Brms ordinal model diagnostics. DHARMa for Bayesians

Rtui · November 14, 2022, 4:49am

Hello,

I am a masters student and quite new to Bayesian statistics and would greatly appreciate your help!

I am fitting mixed effect cumulative probit model in brms. I would like to check the normality and heteroscedasticity of the models residuals and look for signs of spatial autocorrelation. I was hoping to use the DHARMa package for this but keep receiving the following error.

################
Error in if (minSim == maxSim) scaledResiduals[i] = minSim else scaledResiduals[i] = runif(1, :
missing value where TRUE/FALSE needed
#####################

I have provide a reproduceable below?

If not, do you have advice on examining residuals for cumulative probit model in brms? I am particularly concerns about spatial autocorrelation.

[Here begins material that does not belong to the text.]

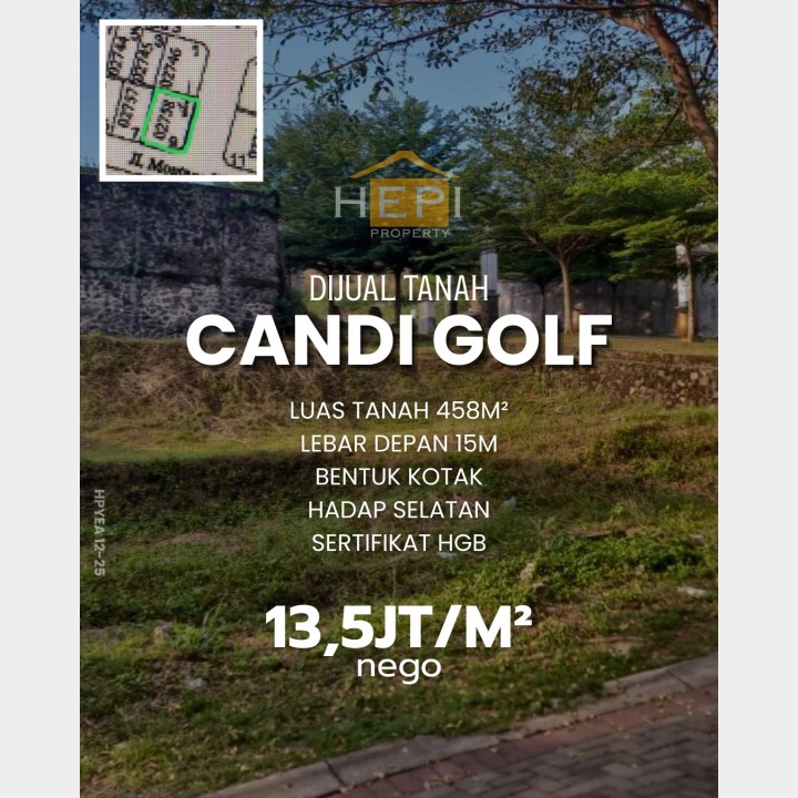 Dijual tanah eksklusif di kawasan elit Candi Golf, Semarang. Luas tanah 458m², harga premium 6,18 Miliar. Cocok untuk hunian mewah atau investasi prestisius.

Please let me if you need any more information.

Many thanks!

note: the code I am using is below is modified from these two posts

Code for createDHARMa.
Code for model creation

library(dplyr)
library(forcats)
library(tidyr)
library(modelr)
library(tidybayes)
library(rstan)
library(brms)
library(posterior)


#generate dataset
set.seed(5)
n = 10
n_condition = 5

testdata <-
  tibble(
    response = rep(c("A","B","C","D","E"), n),
    predictor = rnorm(n * 5, c(0,1,2,1,-1,8,9,8), 3),
    randomEff = rnorm(n * 5, c(2,3), 1)) %>% 
  mutate(randomEff = round(randomEff)) %>% 
  mutate(randomEff = as.factor(randomEff)) %>% 
  mutate(response = factor(response, order = TRUE, levels = c("A","B","C","D","E")))

str(df)

#fit model
model <- brm(response ~ predictor + (1|randomEff),
            data = testdata,
            family=cumulative("logit"),
            file = paste0("mod1.Rmd"),
            control = list(adapt_delta=0.98), backend = "cmdstanr",
            chains = 4, cores = 4, warmup = 1000, iter = 2000)


# attempting DHARMa 
model.check <- createDHARMa(
  simulatedResponse = t(posterior_predict(model)),
  observedResponse = testdata$response,
  fittedPredictedResponse = apply(t(posterior_epred(model)), 1, mean),
  integerResponse = TRUE)

plot(model.check)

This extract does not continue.